The independent variables (x) are students, teachers, calworks, lunch, computer, expenditure, income, english.
\[ Average Math Score = \beta0+\beta1Students+\beta2Teachers+\beta3CalWorks+\beta4Lunch+...+\beta7Income+\beta8English \]
#loading dataset into R
data("CASchools")
df1 <- CASchools
#checking variables
str(df1)
## 'data.frame': 420 obs. of 14 variables:
## $ district : chr "75119" "61499" "61549" "61457" ...
## $ school : chr "Sunol Glen Unified" "Manzanita Elementary" "Thermalito Union Elementary" "Golden Feather Union Elementary" ...
## $ county : Factor w/ 45 levels "Alameda","Butte",..: 1 2 2 2 2 6 29 11 6 25 ...
## $ grades : Factor w/ 2 levels "KK-06","KK-08": 2 2 2 2 2 2 2 2 2 1 ...
## $ students : num 195 240 1550 243 1335 ...
## $ teachers : num 10.9 11.1 82.9 14 71.5 ...
## $ calworks : num 0.51 15.42 55.03 36.48 33.11 ...
## $ lunch : num 2.04 47.92 76.32 77.05 78.43 ...
## $ computer : num 67 101 169 85 171 25 28 66 35 0 ...
## $ expenditure: num 6385 5099 5502 7102 5236 ...
## $ income : num 22.69 9.82 8.98 8.98 9.08 ...
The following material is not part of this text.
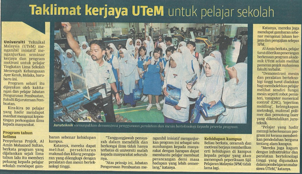 Taklimat kerjaya UTeM untuk pelajar sekolah

## $ english : num 0 4.58 30 0 13.86 ...
## $ read : num 692 660 636 652 642 ...
## $ math : num 690 662 651 644 640 ...
summary(df1)
## district school county grades
## Length:420 Length:420 Sonoma : 29 KK-06: 61
## Class :character Class :character Kern : 27 KK-08:359
## Mode :character Mode :character Los Angeles: 27
## Tulare : 24
## San Diego : 21
## Santa Clara: 20
## (Other) :272
## students teachers calworks lunch
## Min. : 81.0 Min. : 4.85 Min. : 0.000 Min. : 0.00
## 1st Qu.: 379.0 1st Qu.: 19.66 1st Qu.: 4.395 1st Qu.: 23.28
## Median : 950.5 Median : 48.56 Median :10.520 Median : 41.75
## Mean : 2628.8 Mean : 129.07 Mean :13.246 Mean : 44.71
## 3rd Qu.: 3008.0 3rd Qu.: 146.35 3rd Qu.:18.981 3rd Qu.: 66.86
## Max. :27176.0 Max. :1429.00 Max. :78.994 Max. :100.00
##
## computer expenditure income english
## Min. : 0.0 Min. :3926 Min. : 5.335 Min. : 0.000
## 1st Qu.: 46.0 1st Qu.:4906 1st Qu.:10.639 1st Qu.: 1.941
## Median : 117.5 Median :5215 Median :13.728 Median : 8.778
## Mean : 303.4 Mean :5312 Mean :15.317 Mean :15.768
## 3rd Qu.: 375.2 3rd Qu.:5601 3rd Qu.:17.629 3rd Qu.:22.970
## Max. :3324.0 Max. :7712 Max. :55.328 Max. :85.540
##
## read math
## Min. :604.5 Min. :605.4
## 1st Qu.:640.4 1st Qu.:639.4
## Median :655.8 Median :652.5
## Mean :655.0 Mean :653.3
## 3rd Qu.:668.7 3rd Qu.:665.9
## Max. :704.0 Max. :709.5
##
# creating a dataframe with required variables only
df2 = subset(df1, select = -c(district, school, county, grades, read) )
\[ y=X\beta + \in \]
y - vector of dependent variable (math)
X - matrix of feature variables
\(\beta\) - vector of parameters to be estimated
\(\in\) - vector of error term
# dependent variable
y <- as.vector(df2$math)
# creating a matrix of feature variables from CASchools
X <- as.matrix(df2[-ncol(df2)])
# replicating the values in x according to the number of rows in CASchools
int <- rep(x = 1, times = length(y))
# adding intercept column to X
X <- cbind(int, X)
remove(int)
#implementing closed-form solution to X and y
betas <- solve(t(X) %*% X) %*% t(X) %*% y
betas <- round(x = betas,digits = 2)
betas
## [,1]
## int 656.15
## students 0.00
## teachers 0.01
## calworks -0.13
## lunch -0.33
## computer 0.00
## expenditure 0.00
## income 0.70
## english -0.15
# building linear regression model
lm_model <- lm(math ~ ., data=df2)
lm_betas <- round(x = lm_model$coefficients, digits = 2)
lm_betas
## (Intercept) students teachers calworks lunch computer
## 656.15 0.00 0.01 -0.13 -0.33 0.00
## expenditure income english
## 0.00 0.70 -0.15
# using a dataframe to show matrix and lm results
results <- data.frame(matrix_results=betas, lm_results=lm_betas)
print(results)
## matrix_results lm_results
## int 656.15 656.15
## students 0.00 0.00
## teachers 0.01 0.01
## calworks -0.13 -0.13
## lunch -0.33 -0.33
## computer 0.00 0.00
## expenditure 0.00 0.00
## income 0.70 0.70
## english -0.15 -0.15
The coefficients obtained from using matrix algebra is the same as those produced from the linear model regression model.